As indicações da TSR incluem:
- Anúria/oligúria;
- Sobrecarga de volume com evidência de hipertensão e/ou edema pulmonar refractário à terapêutica diurética;
- Hipercaliémia e acidose metabólica;
- Urémia sintomática/ureia > 100-150 mg/dL (pericardite, neuropatia, encefalopatia);
- Incapacidade de concretizar regime nutricional adequado tendo em conta a indispensável restrição de fluidos.
A retenção de fluidos, além de constituir o motivo principal para a instituição de TSFR, é considerada por si só um factor de mau prognóstico independente da LRA, mas directamente proporcional ao grau da mesma.
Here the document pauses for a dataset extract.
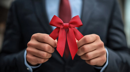 This stunning image captures an elegant red silk bow on a smooth white fabric, ideal for enhancing festive occasions, gifts, or elegant design themes.

Dentro das diversas modalidades de TSFR, a diálise peritoneal continua a ser a mais utilizada pela fácil execução e pela relativamente baixa de complicações associadas.
Prognóstico
O prognóstico LRA depende da etiologia, gravidade, precocidade do diagnóstico e duração da lesão. A de causa pré-renal é potencialmente reversível e de excelente prognóstico. Pelo contrário, a de causa renal tem prognóstico reservado a avaliar pela taxa de mortalidade associada que pode atingir 25-50%.
São factores de mau prognóstico indiciando lesão renal permanente na idade adulta: oligoanúria, falência multiorgânica, instabilidade hemodinâmica, nefrouropatia congénita, necessidade de ventilação assistida e necessidade de TSFR.
Dada a elevada probabilidade de surgimento de doença renal crónica na sequência de LRA, esta última situação obriga à necessidade de seguimento contínuo especializado.
Em função do contexto clínico, o estudo dos biomarcadores séricos e urinários atrás citados poderão também contribuir para o prognóstico.